搗鼓了十五分鐘,眼圈還泛著微紅,但哭過的痕跡已經沒那麼明顯,溫若凝把毛巾洗乾淨,掛好,才重新把架子上的牛皮紙袋抱在懷裡。
扭開門把手,溫若凝走出衛生間,過道斜對面的牆壁,一道修長的身影倚在那裡,幾分悵然。
她抬起頭,眼裡有些錯愕,“你……怎麼站在這裡?外婆呢?”
“她回房間休息了。”周潯也站直身體,走過來低頭看著溫若凝。
他的眼睛如黑曜石般漆黑深邃,被這樣不加修飾的目光看著,溫若凝有些不自在。
目光閃爍,對視幾秒,她快速撇開臉,“哦。”
但周潯也卻抬起手捏住她的下巴,把她的臉轉回來,動作來得毫無防備,溫若凝的瞳孔都不禁微微顫抖,變得驚愕起來。
她還沒來得及開口問什麼,就聽到周潯也清冽低沉的嗓音響起:“你哭了?”
明明是疑問的語氣,但溫若凝卻聽出了肯定的意味。
她覺得自己把痕跡掩藏得很好,也不知道他怎麼發現的。
溫若凝握上他的手腕,把他的手拉下來,本來想否認,但低頭瞥見兩人左手上的婚戒,她拿著牛皮紙袋的右手捏緊一些。
又酸又澀的感覺湧上眼眶,溫若凝低下頭,幅度很小地點了兩下頭,“嗯。”
周潯也以前覺得,溫若凝就像一個沒有感情的假人,不管班裡的人鬧騰成什麼樣,但她都能置身事外,淡然看著大家,眼裡一點波瀾都沒有。
她就是一枝獨自綻放在山谷中的寒梅,嬌艷美麗,清冷孤傲,那個山谷跟別人的世界有明顯的界限,即使是余嘉瑤可能也只堪堪觸碰到邊緣。
直到剛才,他才了解到完整的溫若凝,她不是生來就是這副孤高冷漠的樣子,只是童年時有些回憶太痛苦,她就給自己的世界築起了高牆。
周潯也眼裡凝聚著一抹心疼,轉動手腕,反握住溫若凝的手,將人拉到客廳那邊,兩人在大紅木椅上坐下。
溫若凝抬起頭,午後的陽光灑在不施粉黛的臉上,皮膚潔白透亮,羽睫沾著晶瑩的淚珠在輕輕顫動,她下眼瞼的邊緣泛著紅意,瞳仁濕漉漉的。

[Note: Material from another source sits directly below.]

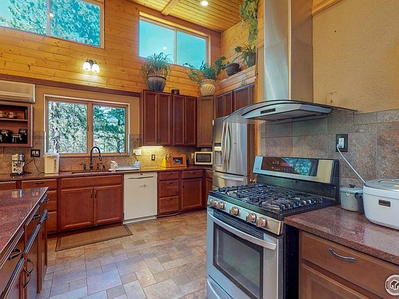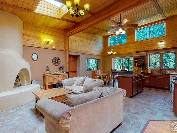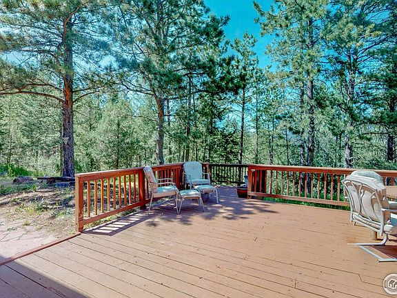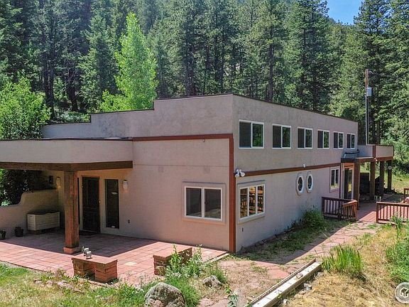 Lots of light w/12'+ ceilings, granite counters, wood cabinets, tile & wood floors thru-out. Surrounded on 1 side by National Forest. Cozy kiva in living room, huge family room with wood heating stove. Large, very private deck, nestled in the pines. View wildlife, peaceful forest, & mountain views. 4 heat sources. Oversized 4 car garage with/room for workshop/ sheshed! Quick commute to Boulder/Longmont! 1hr+ to DIA/Denver. 15 minutes to Continental Divide, Estes Park, Rocky Mountain Nat.Park.

周潯也看著她,恍惚間像是回到第一次見到溫若凝的那天,穿著白色連衣裙的少女,肩膀比現在更瘦小,哭過的眼睛很紅,楚楚可憐,讓人忍不住想保護她。
他怔了一瞬,俯身從茶几上的紙巾盒裡抽出紙巾,想給她擦擦眼角的淚水。
溫若凝敏感地往旁邊躲了一下,嘴角扯出一抹尷尬的笑,“不好意思,讓你見笑了。”
“別動。”周潯也按住她的肩膀,固執地要給她擦眼淚。
大概是因為周潯也動作有些強勢,溫若凝眸光微頓,嘴角的笑也頓時收起,沒有再躲開。
擦完眼淚,周潯也黑眸抬起,看向她時,眼裡的光又瞬間變得溫柔,“可以告訴我嗎?為什麼哭?”
“嗯?”
溫若凝移開視線,猶豫著要說不說之時,手不自覺覆上放在腿上的牛皮紙袋。